Bad enough that the opportunist pigs who dirtied Rapid City with their Trump Shop defaced American flags with the face and name of a fascist incompetent. Worse, they trucked their vulgar wares to the South Dakota State Fair, where they greeted aspiring Mussolini-ites with American flags defiled by the superimposition of the traitor flag:

Traitor flag on display in Trump Shop, South Dakota State Fair, Huron, SD, 2019.09.01.
Traitor flag on display in Trump Shop, South Dakota State Fair, Huron, SD, 2019.09.01. Photo by roving DFP correspondent Dave Baumeister.

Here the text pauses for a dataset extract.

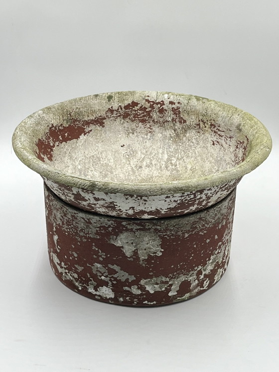 Bacinella e il suo supporto che può essere utilizzato anche come vaso. 2 in 1 a scelta. Bellissima patina sul cemento. Dimensioni: Base: 30x15 cm. Bacinella: 40x13 cm.

The people who trooped in to this tent to affirm their baser urges with not one word of complaint toward this unpatriotic display betray the most basic principles of America’s greatness and the men and women who fought and died to protect it.

32 Comments

  1. Debbo 2019-09-03 20:55

    Shame on him, defacing and debasing the US flag. 😠😠😠

  2. Ken 2019-09-03 21:07

    Somebody should’ve commandeered a D10 CAT and pushed that racist trash, along with any of his moronic supporters who happened to be in the tent, over to the nearest Dumpster, then backed over it all about 10 times for good measure.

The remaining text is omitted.